**What is needed**
Print, in exact form, the lines below from the one containing "Rogalach רוגעלך - Jewish chocolate bakery" through the one containing "A gateway to", and omit all others.

**Data for analysis**
----

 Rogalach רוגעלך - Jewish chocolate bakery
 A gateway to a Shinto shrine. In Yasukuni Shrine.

----

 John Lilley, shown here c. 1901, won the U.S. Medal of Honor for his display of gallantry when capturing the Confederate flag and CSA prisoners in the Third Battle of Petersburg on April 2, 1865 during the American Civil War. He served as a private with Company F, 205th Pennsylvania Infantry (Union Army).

----

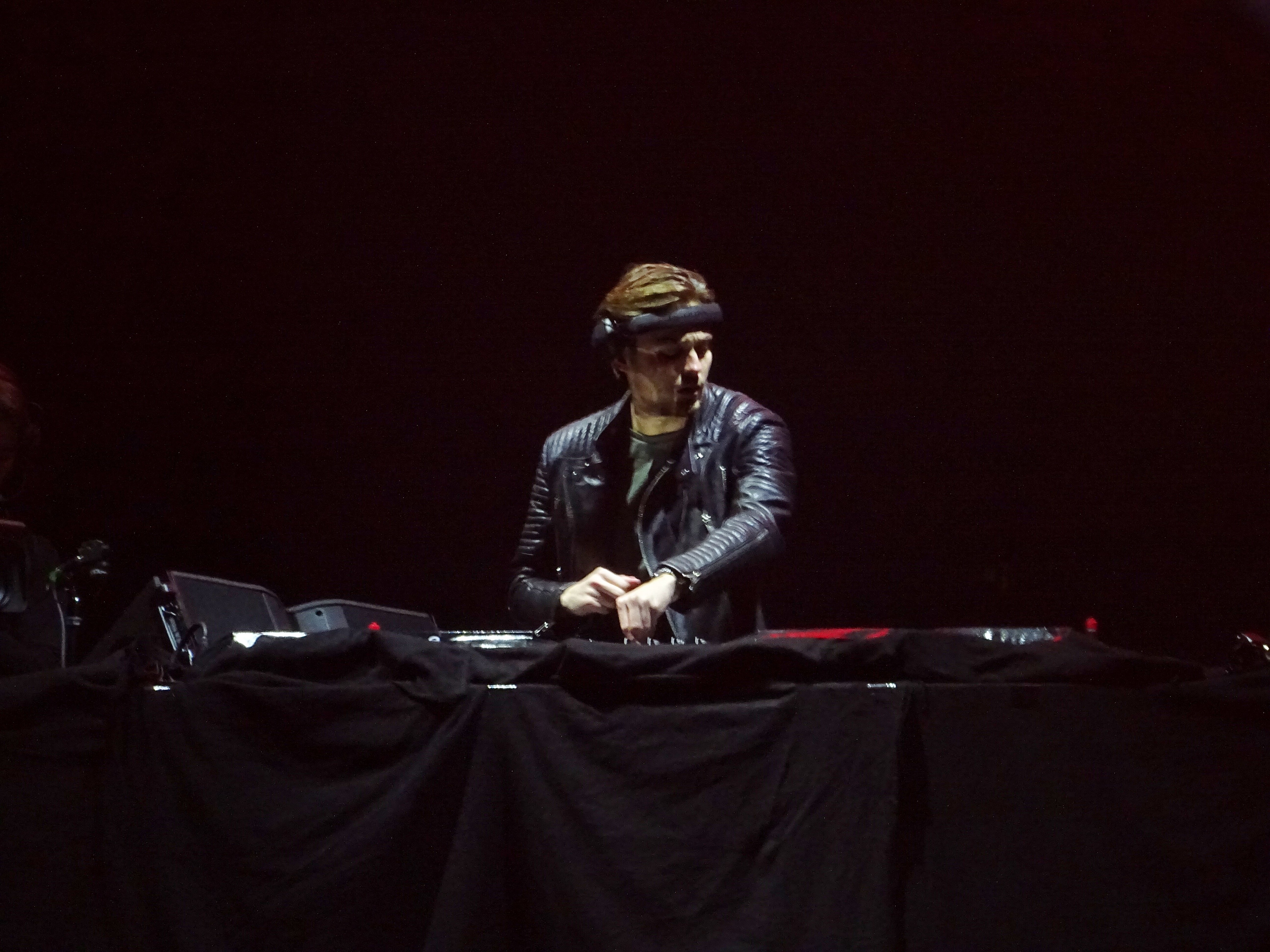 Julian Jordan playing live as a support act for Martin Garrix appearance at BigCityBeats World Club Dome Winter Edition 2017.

----

**Solution below**
 Rogalach רוגעלך - Jewish chocolate bakery
 A gateway to a Shinto shrine. In Yasukuni Shrine.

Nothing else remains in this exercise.